Leave out the pictures and repeat exactly the lines from the one containing "新春期間,店小二挑著福袋穿梭飯店各餐廳,每袋 999 元,內含禮品價值" through the final line of the listing below.

## [Provided material]

=== Begin Enclosure ===

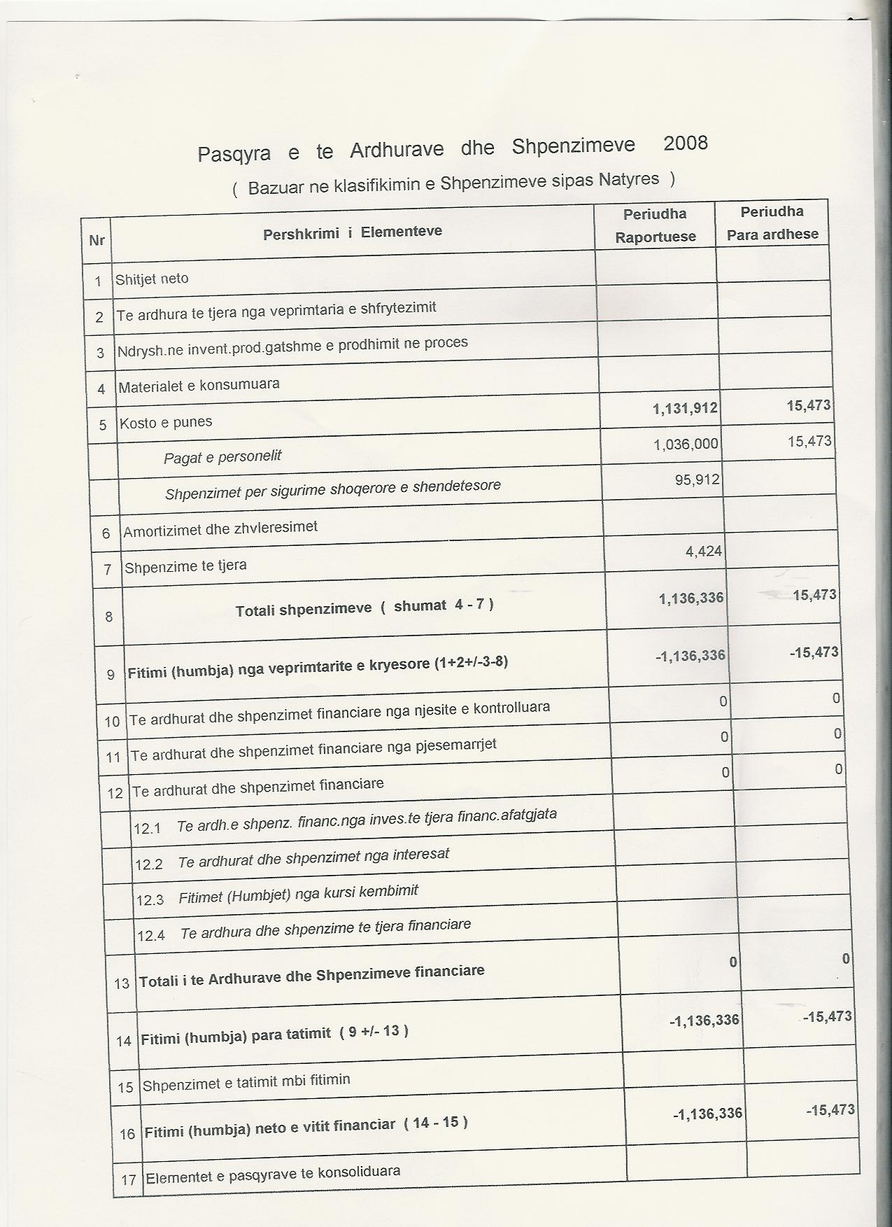 -43 420,00 Fitimi para Tatimit(Lekë) 2014: -100 876,00 Fitimi para Tatimit(Lekë) 2013: 3 584 712,00 Fitimi para Tatimit(Lekë) 2012: 2 962 929,00 Fitimi para Tatimit(Lekë) 2011: 4 163 558,00 Fitimi para Tatimit(Lekë) 2008: -1 136 336,00 Fitimi para Tatimit(Lekë) 2007: -15 473,00 |
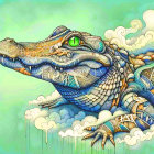 A vibrant, stylized alligator rests in lush foliage by a serene waterway, with whimsical castles in the background and a bright sky filled with fluffy clouds. The colors are bold and lively.
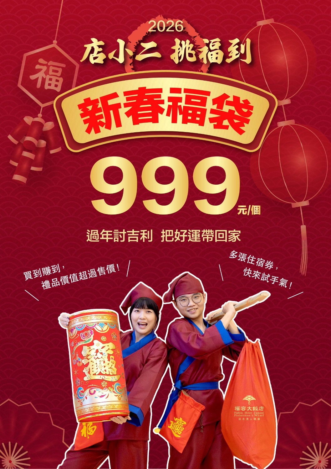 新春期間,店小二挑著福袋穿梭飯店各餐廳,每袋 999 元,內含禮品價值 保證超過售價,更有機會抽中 住宿券 等驚喜好禮。
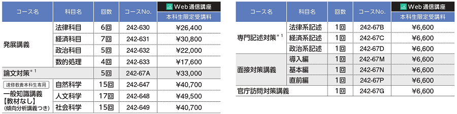 過去にTAC・W セミナー公務員講座本科生を受講された方(合格目標年、学習メディア、試験種は問いません)又は2016年合格目標以降の「Z 会×TAC 共催講座 公務員コース」を受講されたことがある方は、速修本科生を特別価格(再チャレンジ応援割引)でお申込みいただけます。

=== End Enclosure ===

## [Answer to the problem]
 新春期間,店小二挑著福袋穿梭飯店各餐廳,每袋 999 元,內含禮品價值 保證超過售價,更有機會抽中 住宿券 等驚喜好禮。
 過去にTAC・W セミナー公務員講座本科生を受講された方(合格目標年、学習メディア、試験種は問いません)又は2016年合格目標以降の「Z 会×TAC 共催講座 公務員コース」を受講されたことがある方は、速修本科生を特別価格(再チャレンジ応援割引)でお申込みいただけます。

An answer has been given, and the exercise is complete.